Pre qspinlock, your setup would have used regular ticket locks on
vCPUs, which mostly works as long as there is almost no vCPU
preemption, if you overload your machine such that the vCPU threads
get preempted that will implode into silly-land. ]

So on to native performance:

- IVB-EX, 4-socket, 15 core, hyperthreaded, for a total of 120 CPUs
- 1.1T of md-stripe (5x200GB) SSDs
- Linux v4.2 (distro style .config)
- Debian "testing" base system
- xfsprogs v3.2.1


# mkfs.xfs -f -m "crc=1,finobt=1" /dev/md0
log stripe unit (524288 bytes) is too large (maximum is 256KiB)
log stripe unit adjusted to 32KiB
meta-data=/dev/md0 isize=512 agcount=32, agsize=9157504 blks
= sectsz=512 attr=2, projid32bit=1
= crc=1 finobt=1
data = bsize=4096 blocks=293038720, imaxpct=5
= sunit=128 swidth=640 blks
naming =version 2 bsize=4096 ascii-ci=0 ftype=1
log =internal log bsize=4096 blocks=143088, version=2
= sectsz=512 sunit=8 blks, lazy-count=1
realtime =none extsz=4096 blocks=0, rtextents=0

# mount -o logbsize=262144,nobarrier /dev/md0 /mnt/scratch

# ./fs_mark -D 10000 -S0 -n 50000 -s 0 -L 32 \
-d /mnt/scratch/0 -d /mnt/scratch/1 \
-d /mnt/scratch/2 -d /mnt/scratch/3 \
-d /mnt/scratch/4 -d /mnt/scratch/5 \
-d /mnt/scratch/6 -d /mnt/scratch/7 \
-d /mnt/scratch/8 -d /mnt/scratch/9 \
-d /mnt/scratch/10 -d /mnt/scratch/11 \
-d /mnt/scratch/12 -d /mnt/scratch/13 \
-d /mnt/scratch/14 -d /mnt/scratch/15 \


Regular v4.2 (qspinlock) does:

0 6400000 0 286491.9 3500179
0 7200000 0 293229.5 3963140
0 8000000 0 271182.4 3708212
0 8800000 0 300592.0 3595722

Modified v4.2 (ticket) does:

0 6400000 0 310419.6 3343821
0 7200000 0 348346.5 4721133
0 8000000 0 328098.2 3235753
0 8800000 0 316765.3 3238971


Is the "modified v4.2 (ticket)" means you are just removing ARCH_USE_QUEUED_SPINLOCKS from the config file when building the 2 kernels in the above test? Your config file is for 4.1. If you compare a 4.1 kernel with 4.2 kernel, there are lot more changes than just the qspinlock switch.
I think you are confused between PeterZ's test and my test. PeterZ's
test is for v4.2 and modified v4.2 and he didn't post his
configuration. My test is for
fc934d40178ad4e551a17e2733241d9f29fddd70 and
68722101ec3a0e179408a13708dd020e04f54aab, so my configuration
(attached in previous email) is for v4.1.

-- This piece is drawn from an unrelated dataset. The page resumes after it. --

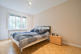 Direkt angrenzend an den Nordpark befindet sich eine gepflegte Wohnanlage, die sich ideal für Spaziergänge, Jogging und Erholung eignet. Das nahegelegene Naturschutzgebiet Kieferngarten bietet zusätzliche Möglichkeiten, dem Alltag zu entfliehen. Für die Anbindung an den öffentlichen Nahverkehr sorgen die U-Bahn-Station Kieferngarten der Linie U6 sowie eine Bushaltestelle der Linie 140, die jeweils in etwa zehn Minuten zu Fuß erreichbar sind. Geschäfte des täglichen Bedarfs, darunter REWE und Edeka, sowie die Volkshochschule befinden sich in unmittelbarer Nähe. Auch der Euro-Industriepark ist bequem mit dem Auto erreichbar.

Yes, I am sorry that I misread the quoted part.

Could you also use the perf command to profile the 2 cases to see where the performance bottleneck is?


Which shows that qspinlock is clearly slower, even for these large-ish
NUMA boxes where it was supposed to be better.

Clearly our benchmarks used before this were not sufficient, and more
works needs to be done.


Also, I note that after running to completion, there is only 14G of
actual data on the device, so you don't need silly large storage to run
this -- I expect your previous 275G quote was due to XFS populating the
sparse file with meta-data or something along those lines.

Further note, rm -rf /mnt/scratch0/*, takes for bloody ever :-)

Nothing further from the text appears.